Wednesday, 30 December 2020

Manhattan Murder Mystery

 Year of Release:  1993

Director:  Woody Allen

Screenplay:  Woody Allen and Marshall Brickman

Starring:  Woody Allen, Diane Keaton, Alan Alda, Anjelica Huston, Jerry Adler

Running Time:  107 minutes

Genre:  Comedy, crime

Married couple Larry (Allen) and Carole (Keaton) befriend their elderly neighbours Paul (Adler) and Lillian (Lynn Cohen).  They are shocked when they learn that the seemingly perfectly healthy Lillian has suddenly died of an apparent attack, and are further disturbed by Paul's cheerful demeanour immediately afterwards.  Carole becomes convinced that Paul murdered Lillian, and begins to investigate with the help of her friend, playwright Ted (Alda).  Larry however is convinced that there is no mystery to solve, until it turns out that Lillian might not be dead after all.


This darkly comic mystery film was made at a very difficult time in Woody Allen's personal life as his relationship with Mia Farrow was collapsing among allegations which continue to dog Allen's reputation to this day.  This was an intentionally light, playful film which Allen made to take his mind off things, and reunites him with close friend and regular co-star Diane Keaton, and other Allen regulars Alan Alda and Anjelica Huston.  The film was originally conceived as a subplot in Annie Hall (1977), but was excised from the final script.  The film really hearkens back to Allen's "early funny ones", lacking the introspection and philosophical themes which dominated Allen's films throughout the 1980s and early 90s.  The film is overly long, and the murder plot is very convoluted, but it is funny and the chemistry between Allen and Keaton really sparkles.  The mystery plot is a welcome addition to the typical wisecracks and one-liners, and the climax is really quite exciting.  Alan Alda and Anjelica Huston provide reliable support.  The film also marks the screen debut of Zach Braff.  This is one of Allen's most purely enjoyable films, but there is an emotional core about Larry and Carole's marital difficulties.  Woody Allen fans will  certainly enjoy it, and it should appeal to newcomers as well.

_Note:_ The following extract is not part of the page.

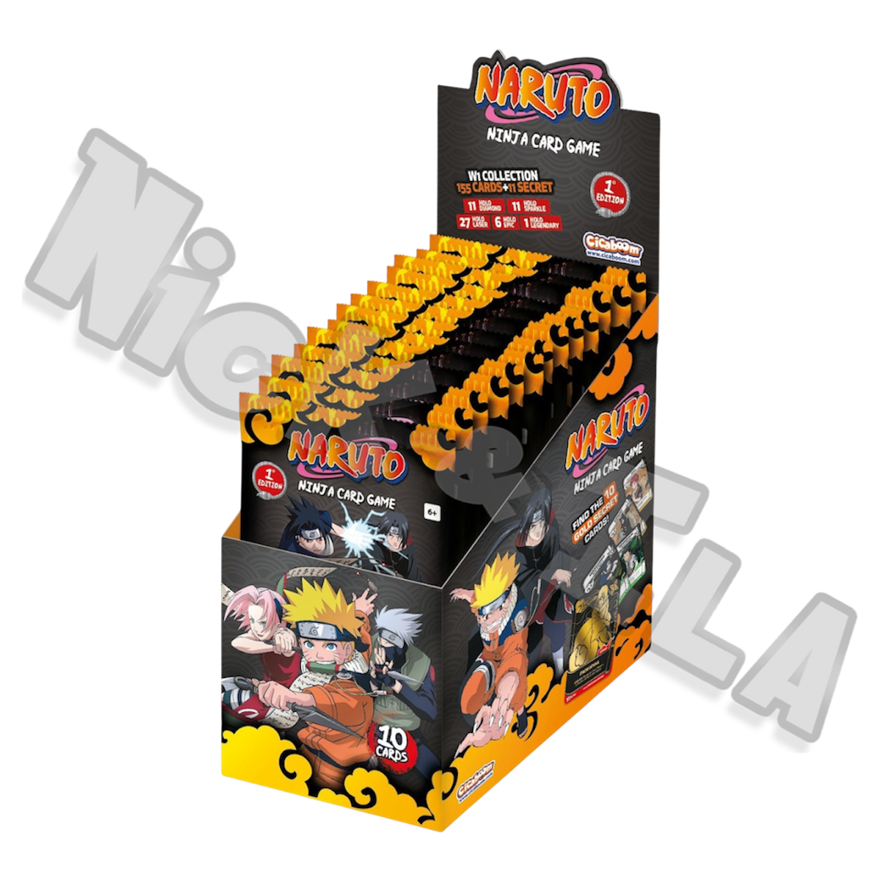 Contenuto di ogni Booster Pack: 1 Carta Missione 4 Carte Comuni 3 Carte Non Comuni 1 Carta Rara, Segreta o Leggendaria 1 Carta Holo Variant per espandere la tua collezione o rafforzare la tua strategia ninja, con la possibilità di trovare carte Rare, Segrete e persino la leggendaria Gold K, realizzata in vero oro 22 carati

Woody Allen and Diane Keaton are embroiled in a Manhattan Murder Mystery


You Only Live Once

Year of Release:  1937

Director:  Fritz Lang

Screenplay:  Gene Towne and Charles Graham Baker

Starring:  Sylvia Sidney, Henry Fonda, Barton MacLane

Running Time:  86 minutes

Genre:  Crime, drama, romance

Eddie Taylor (Fonda) is a convicted bank robber who is released from prison and tries to go straight with his new wife, Joan (Sidney), secretary to the Public Defender who represented Eddie at his trial.  However hard he tries, Eddie comes to feel that he can't catch a break, and finds himself drawn back to his old life with violent and tragic consequences.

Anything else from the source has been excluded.